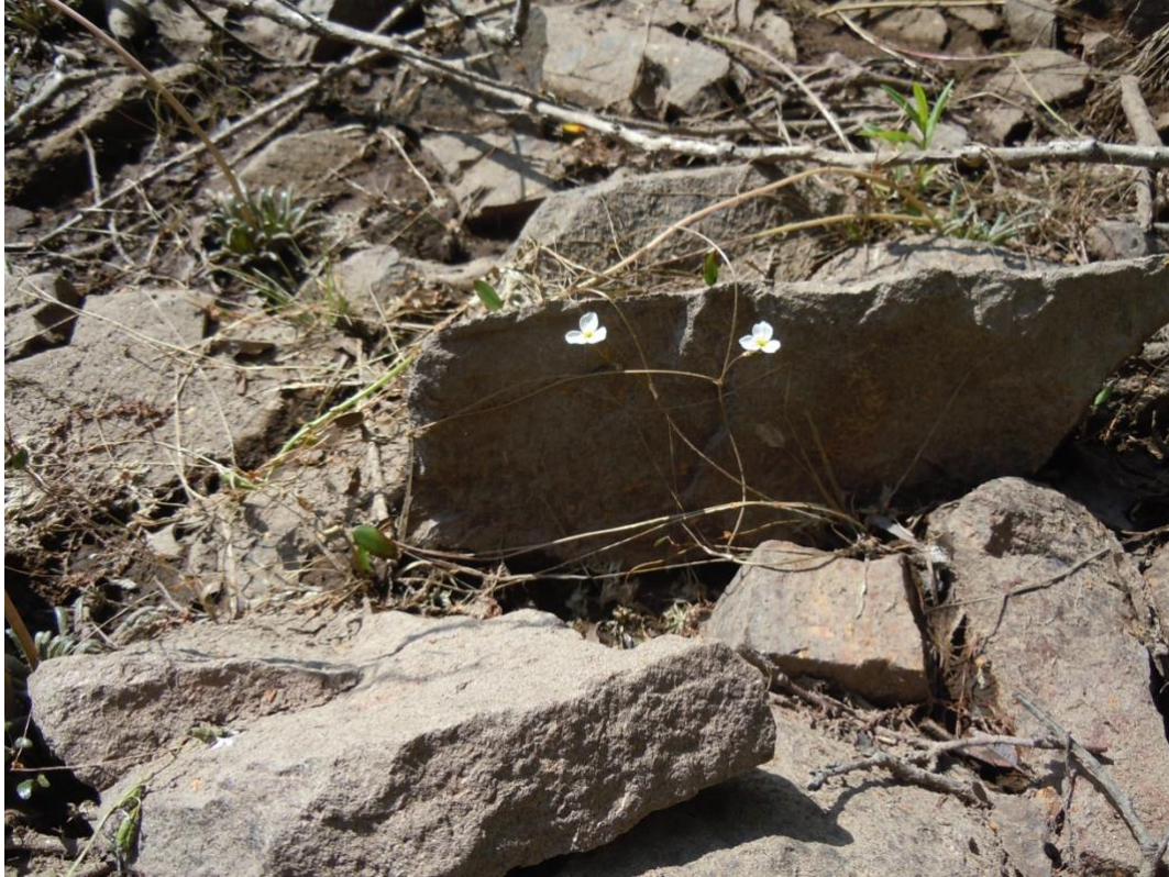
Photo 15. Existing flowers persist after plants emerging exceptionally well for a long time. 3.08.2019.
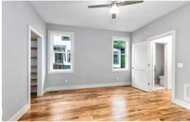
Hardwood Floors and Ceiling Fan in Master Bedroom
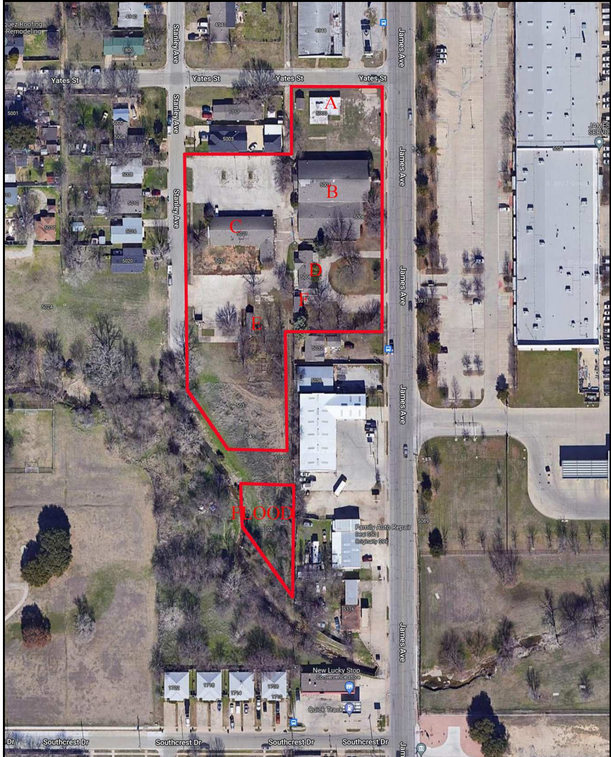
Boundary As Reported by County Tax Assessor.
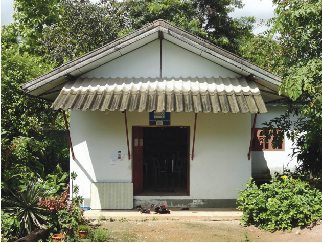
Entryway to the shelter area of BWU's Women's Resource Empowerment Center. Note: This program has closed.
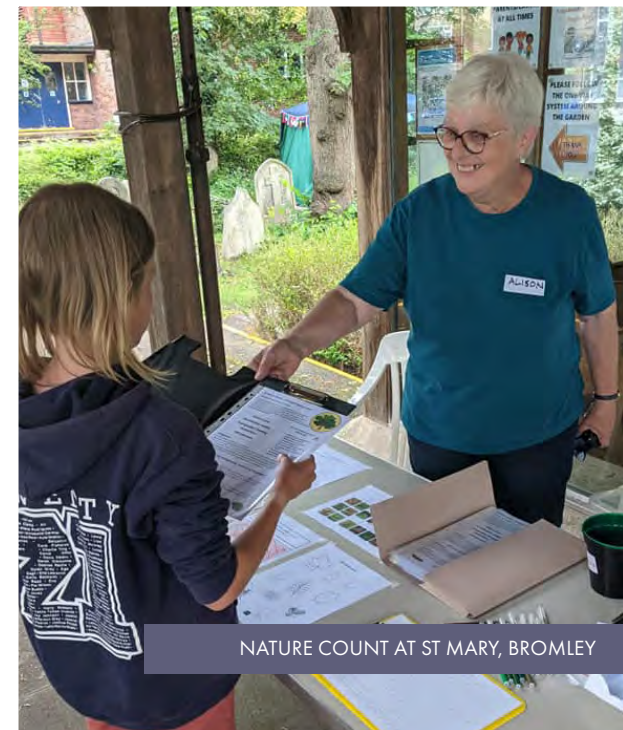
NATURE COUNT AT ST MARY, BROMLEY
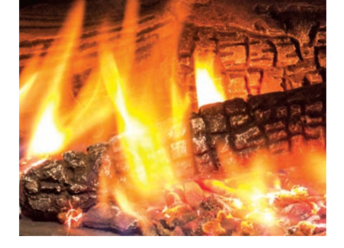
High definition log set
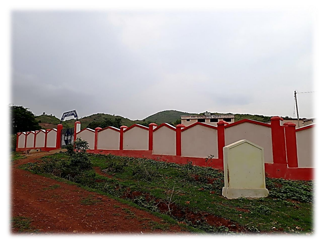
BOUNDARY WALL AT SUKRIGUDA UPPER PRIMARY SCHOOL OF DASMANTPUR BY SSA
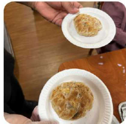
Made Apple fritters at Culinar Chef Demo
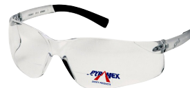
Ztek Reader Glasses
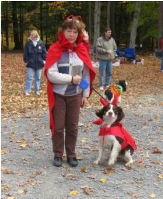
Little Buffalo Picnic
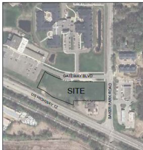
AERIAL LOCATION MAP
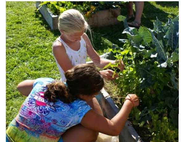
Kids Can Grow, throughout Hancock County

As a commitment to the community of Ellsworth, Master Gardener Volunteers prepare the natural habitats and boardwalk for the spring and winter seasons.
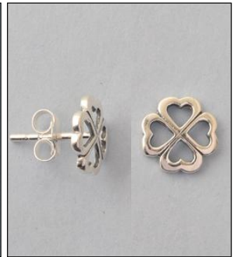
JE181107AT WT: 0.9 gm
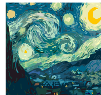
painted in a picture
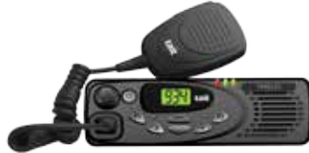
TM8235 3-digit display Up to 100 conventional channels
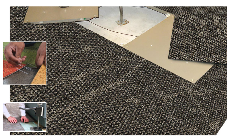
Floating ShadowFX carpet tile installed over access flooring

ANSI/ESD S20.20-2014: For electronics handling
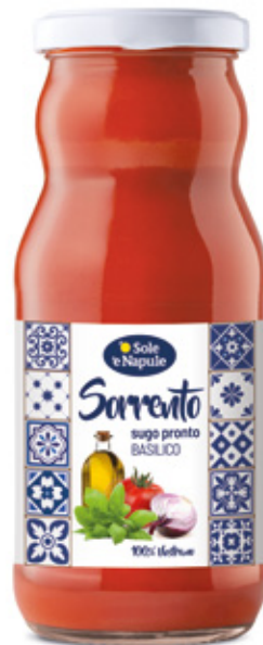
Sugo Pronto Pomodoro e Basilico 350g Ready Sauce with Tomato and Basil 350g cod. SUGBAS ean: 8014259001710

* * * * *

ACTIVITY >>
The listing above should be transcribed word for word, with its pictures left out.

EXERCISE RESPONSE >>
Photo 15. Existing flowers persist after plants emerging exceptionally well for a long time. 3.08.2019.
Hardwood Floors and Ceiling Fan in Master Bedroom
Boundary As Reported by County Tax Assessor.
Entryway to the shelter area of BWU's Women's Resource Empowerment Center. Note: This program has closed.
NATURE COUNT AT ST MARY, BROMLEY
High definition log set
BOUNDARY WALL AT SUKRIGUDA UPPER PRIMARY SCHOOL OF DASMANTPUR BY SSA
Made Apple fritters at Culinar Chef Demo
Ztek Reader Glasses
Little Buffalo Picnic
AERIAL LOCATION MAP
Kids Can Grow, throughout Hancock County

As a commitment to the community of Ellsworth, Master Gardener Volunteers prepare the natural habitats and boardwalk for the spring and winter seasons.
JE181107AT WT: 0.9 gm
painted in a picture
TM8235 3-digit display Up to 100 conventional channels
Floating ShadowFX carpet tile installed over access flooring

ANSI/ESD S20.20-2014: For electronics handling
Sugo Pronto Pomodoro e Basilico 350g Ready Sauce with Tomato and Basil 350g cod. SUGBAS ean: 8014259001710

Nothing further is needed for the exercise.